Agroforestry, hedge-planting, low-input grasslands and sensitively managed field margins can also all play a part in carbon sequestration.
The NFFN believes it is pushing at an open door, with a recent poll for the Prince’s Countryside Fund finding that 81% of farmers want to do more for climate change.
And with more processors and retailers asking farmers to demonstrate their climate- and nature-friendly practices, the time to make changes is now, it says.
To help farmers on the way to “net zero”, the report has identified eight actions within three broad areas for attention:
1. Actions to directly cut emissions
- better fertiliser use
- crop management
- soil management
- livestock management
2. Ways to capture carbon
- habitat management,
- tree and hedgerow management
- water management
3. Taking a “whole farm approach” to management
- creating a whole farm plan
Each of these is considered in greater detail in the report, setting out specific actions and describing the benefits.

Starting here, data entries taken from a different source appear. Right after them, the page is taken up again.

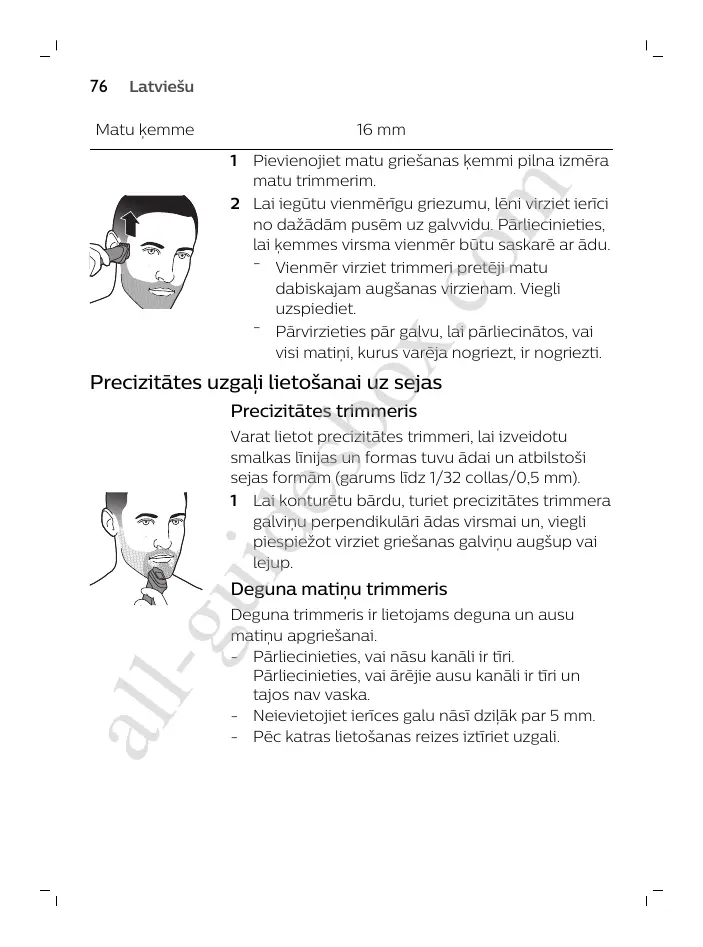 1 Lai konturētu bārdu, turiet preciДitātes trimmera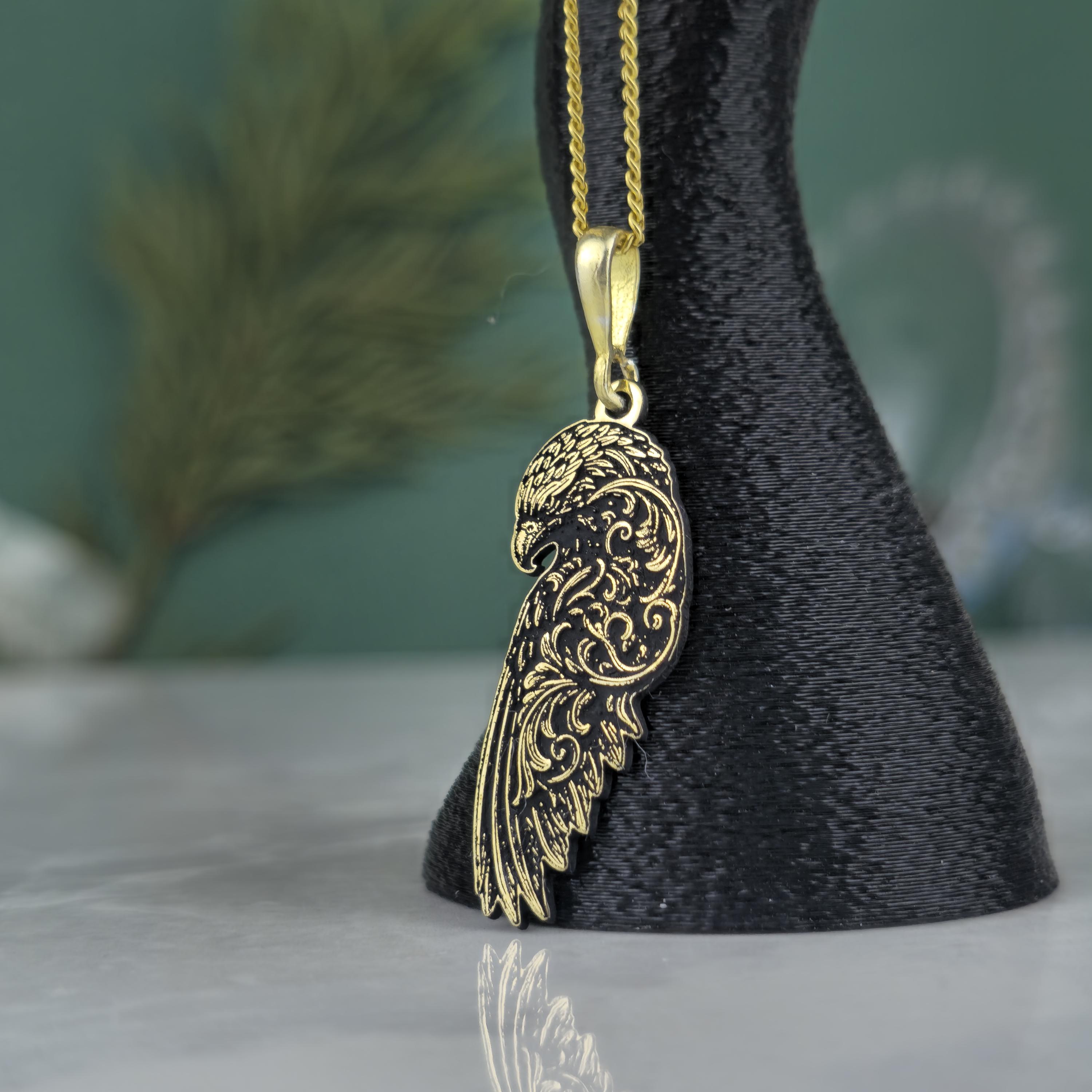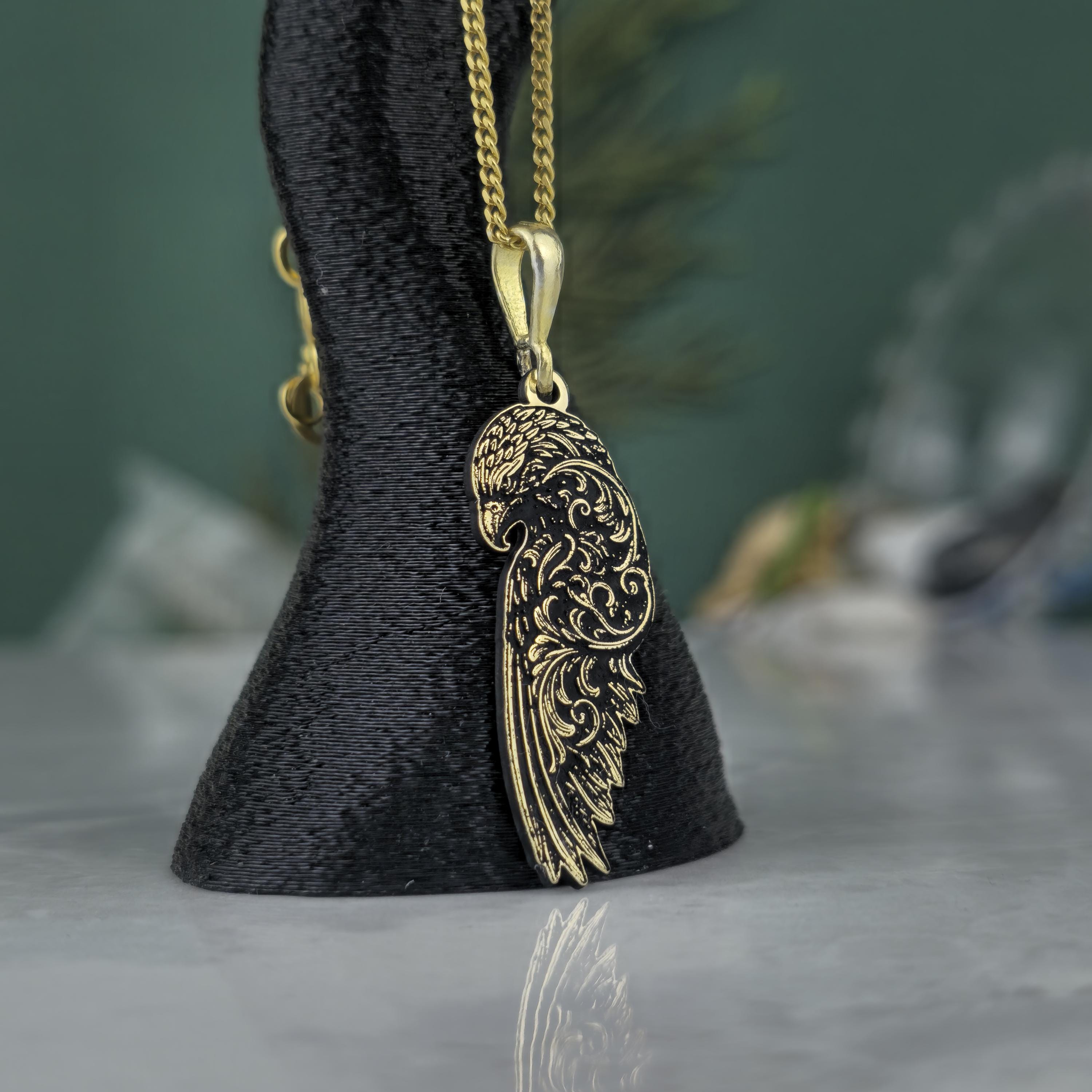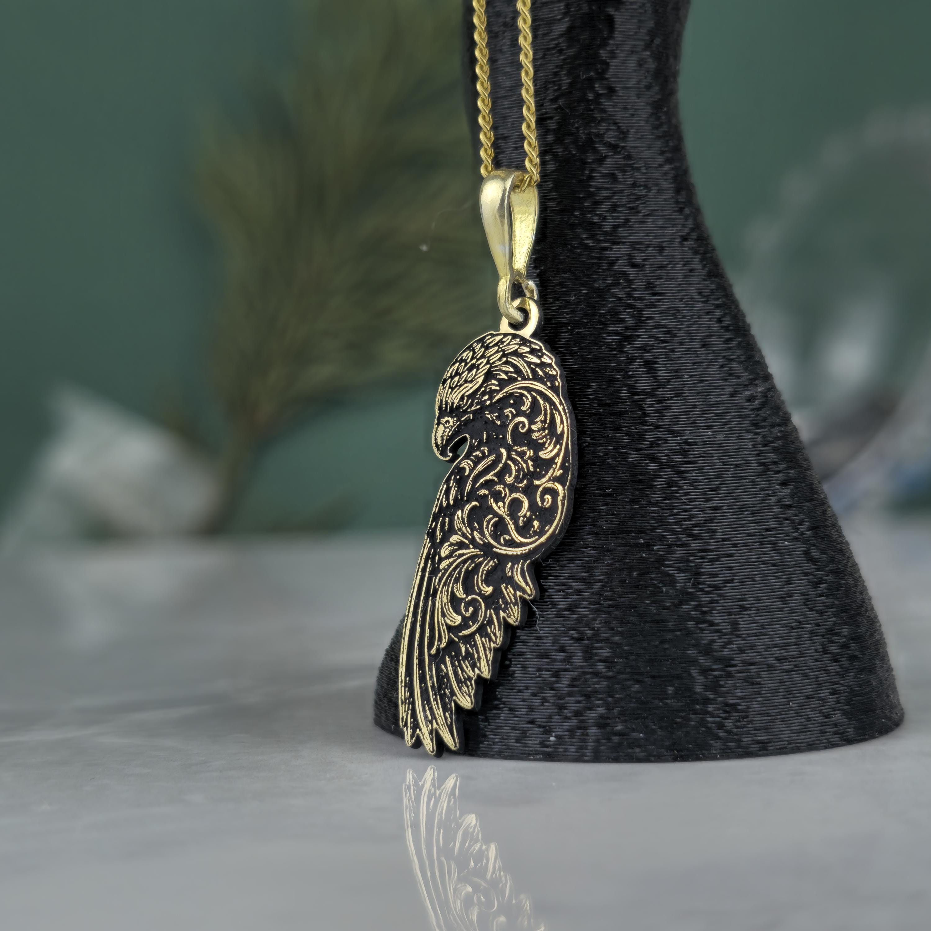 Unleash the spirit of the Norse legends with this Viking Raven Wing Pendant, inspired by the ancient symbols of courage, freedom, and divine guidance. Crafted from 925 sterling silver and finished with rich gold plating, this pendant features detailed scrollwork reminiscent of Valkyries and Odin’s ravens, making it a meaningful amulet for strength, wisdom, and protection.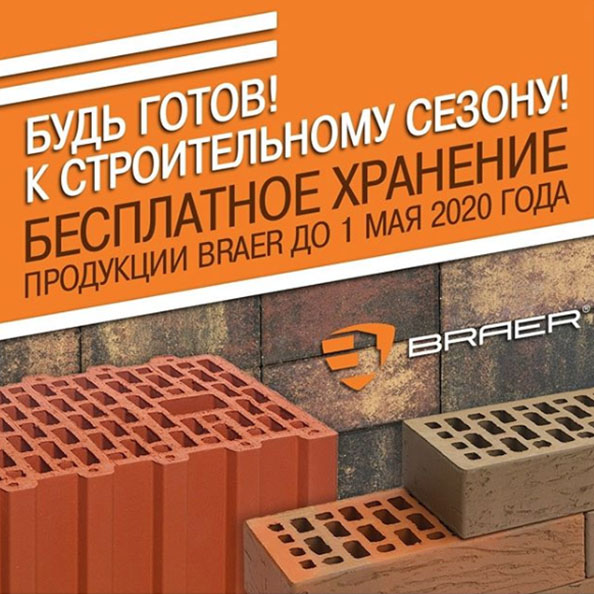 До 30 апреля 2020 года действует акция на бесплатное зимнее хранение облицовочного кирпича, брусчатки, бордюров и керамических блоков. Покупая стройматериалы «Браер» сейчас, вы экономите деньги на ежегодном постновогоднем повышении цен. Покупайте сейчас, а забирайте весной — к началу строительного сезона!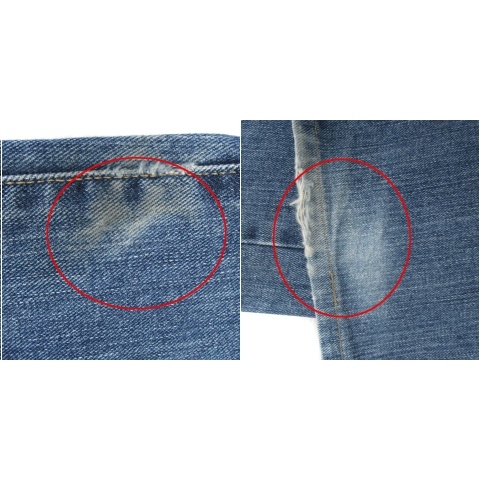 【状態】こちらの商品には下記のようなダメージがあります。 ・両裾にダメージがあります。 ・両裾、左右前ポケット、左右前太ももに数か所薄っすら茶色いシミ汚れがあります。 その他目に付く汚れやダメージはなく、まだまだご愛用いただけるお品です。 ※あくまでも中古品ですので掲載写真や記載内容をご確認いただき、ご理解の上ご購入ください。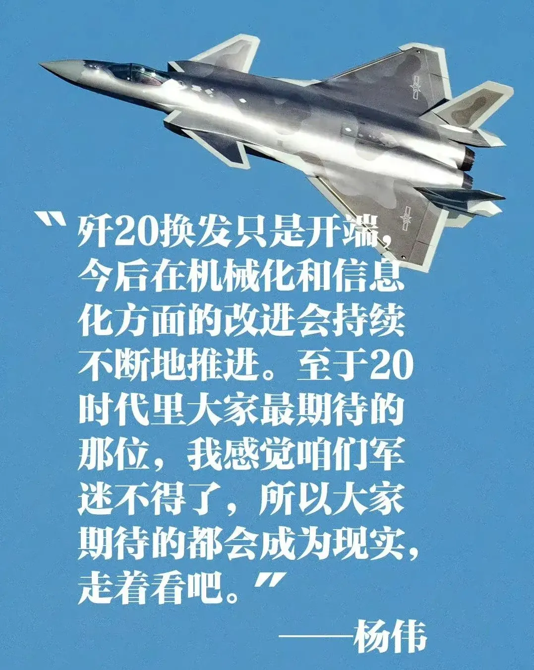 在本屆航展開幕式上,有軍迷發現參演的殲-20戰機的發動機有了不少新變化,包括噴口和鋸齒跟以前都不一樣。中國空軍新聞發言人申進科表示説,殲-20隱身戰鬥機已經用上了新型國產發動機。他還説,殲-20用上了“中國心”,這個心,是心臟的“心”!為中國心點贊!此外,殲-20總師楊偉也透露殲-20已經換裝國發。這也是殲-20換裝國產發動機後首次對外公開展示。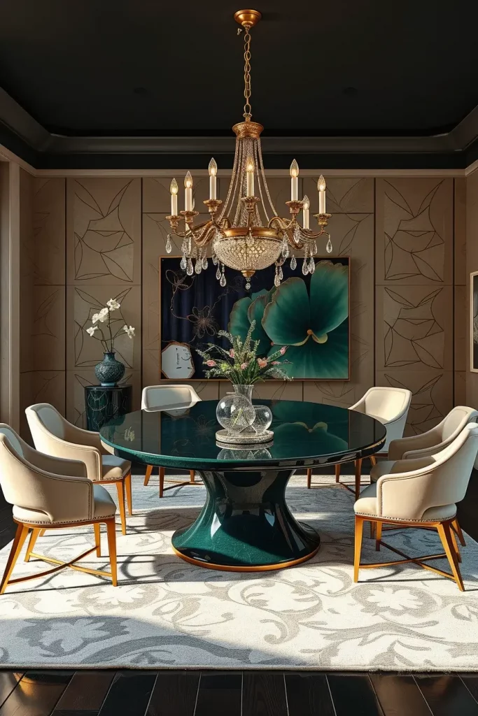 I usually suggest glossy lacquer, dark marble or bright color such as deep emerald or navy to use on the tabletop. To make it even more effective, it can be combined with the contrasting chairs, either in a lighter color or with the different texture. Lighting is also important here, and statement chandeliers or art-inspired modern lighting contribute to the drama.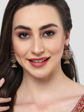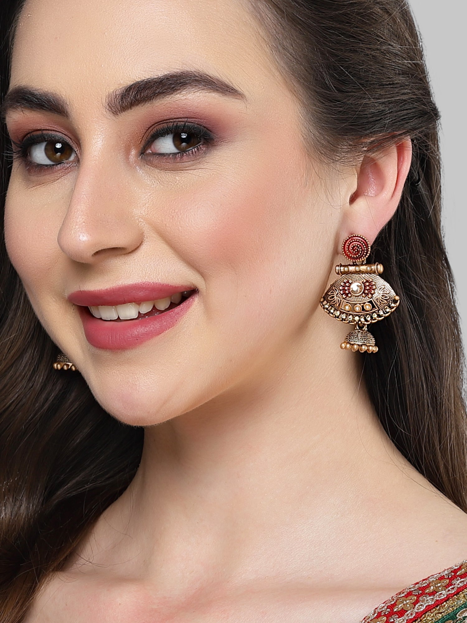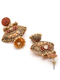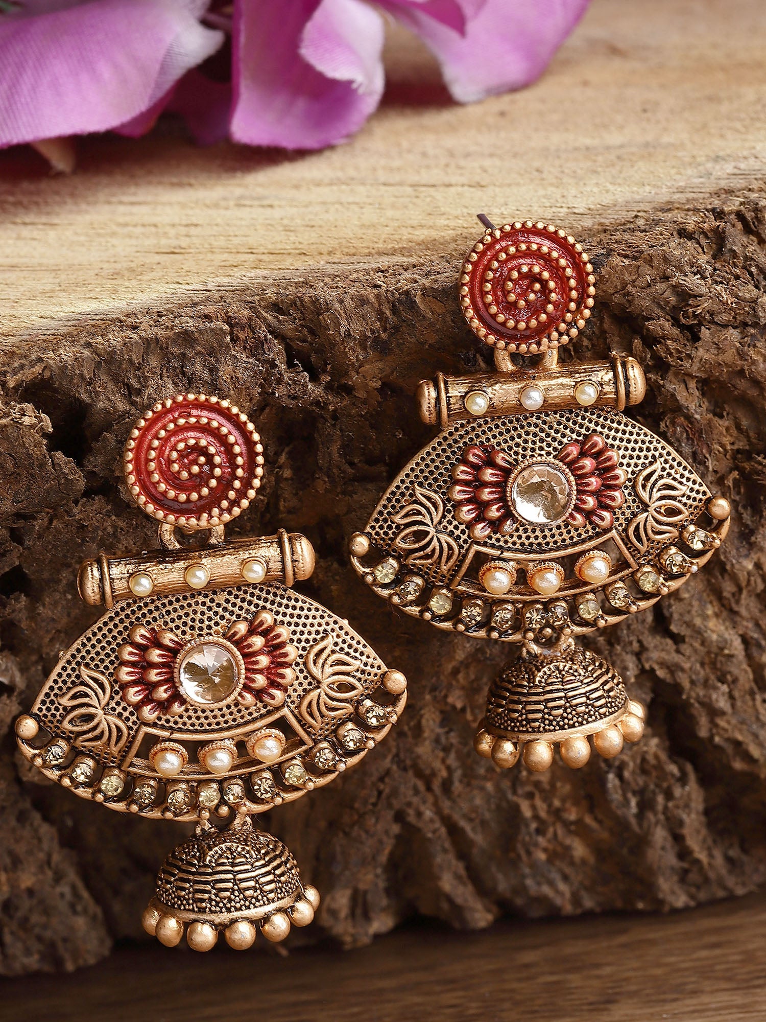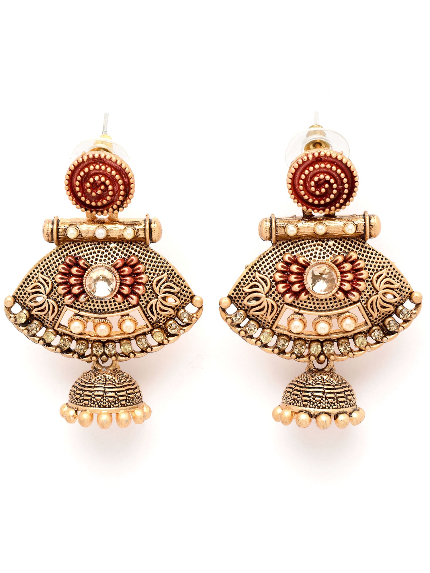 Karatcart Gold Plated Maroon Meena Pearl Kundan Drop Jhumki Earrings for Women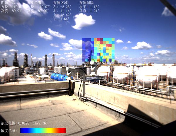 视频显示了红外气云成像设备在华北石化连续运行的部分结果,对监测区域内的多种气体成分实现了扫描成像探测。视频中显示的是9月5日凌晨开始到当天中午其中一种气体空间分布的连续变化情况。视频的每一帧中的伪彩色色块代表的是气体空间分布,颜色的深浅代表了气体含量的高低,每个色块对应的红外光谱分辨率1cm-1,波段覆盖整个中波和长波红外大气窗口。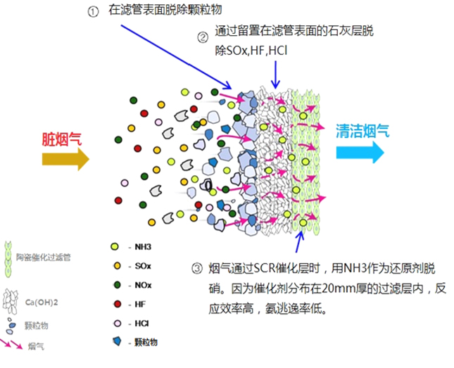 ●陶瓷催化過濾器內(nèi)濾管表面脫硫反應(yīng)床層的存在,使煙氣中酸性成分和脫硫劑充分接觸,進(jìn)一步延長反應(yīng)時間,提高脫硫效率,降低脫硫劑的消耗量,該反應(yīng)床層本身還作為過濾層進(jìn)一步增加顆粒物的過濾效率;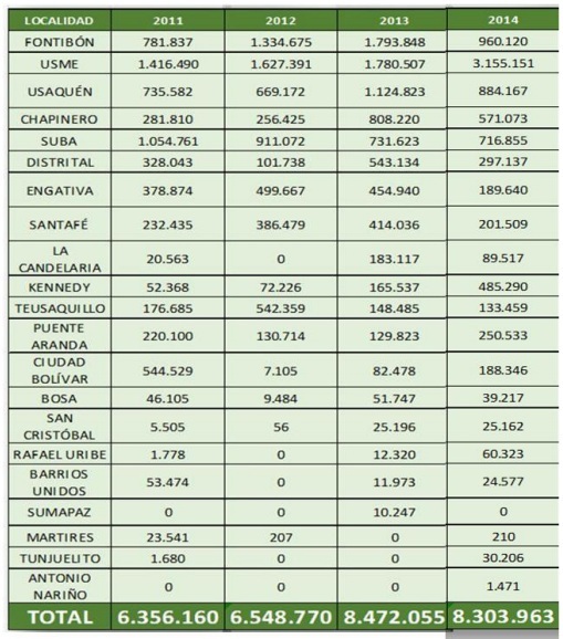 En el año 2012 se obtuvieron datos para el control a la generación de RCD en 14 localidades del Distrito Capital, para el 2014 estos datos permitieron el control a 19 localidades con un mínimo de generación de 210 toneladas de RCD. Las localidades en el sur de la ciudad presentaron en promedio una generación mensual de 15.612 toneladas de RCD, en las localidades ubicadas al norte de la ciudad tienen en promedio de generación y control mensual de 37.763 toneladas de RCD. Por lo que se evidenció que la generación de estos residuos al norte de la Capital duplican los valores de las obras ubicadas en el sur.

On fertiliser use, for example, it urges farmers to create a nutrient management plan to work out how to minimise use, to lock more nitrogen in soil by using appropriate catch and cover crops – especially legumes – and use more organic manures.
The benefits include making the business less vulnerable to market volatility, improving soil fertility, reducing the need for pesticides (as nitrogen can foster fungal disease and encourage weeds), improving biodiversity, and achieving cleaner air and water.
Under crop management, again, it recommends more catch and cover crops to reduce nitrate leaching and improve soil structure.
It also suggests spring rather than autumn cultivations, together with more diversified crop rotations.
Such actions may trigger payments under government support schemes, and reduce pest and disease outbreaks, says the report.
And when it comes to livestock management, the report recommends introducing more legumes and herbal leys, improving breeding and animal health to increase fertility and reduce morbidity, and changing feeding techniques to pasture-based feeding and home-grown proteins.
This will match consumer trends towards “less, but better” meat, it proposes, and improve profitability by reducing costs.
Helping farmers to act now
“We’re not suggesting these are the only actions that can be taken, and we’re not putting this forward as a major scientific study,” says report author Ellie Brodie of Brodie Consultancy.
“It’s a practical guide intended to help farmers act now.”
While it was clear many farmers were holding back due to uncertainty – “Defra statistics show that just 56% of farmers are currently taking action to reduce greenhouse gas emissions from their farms” – there were enough certainties to justify immediate action.
“We know that the climate is changing, we know that there are more extreme weather events, we know that there is government legislation and legally binding targets, we know that consumer preferences are changing, and we know that nature can help your farm business,” says Ms Brodie.
“I’d say take these certainties and act. If you’re at the start of the journey, a great place to start would be to make a plan – a whole farm plan, but also separate plans for nutrient management, soil management, maybe a carbon audit as well.
“See nature as an asset and look at what incentives are out there.”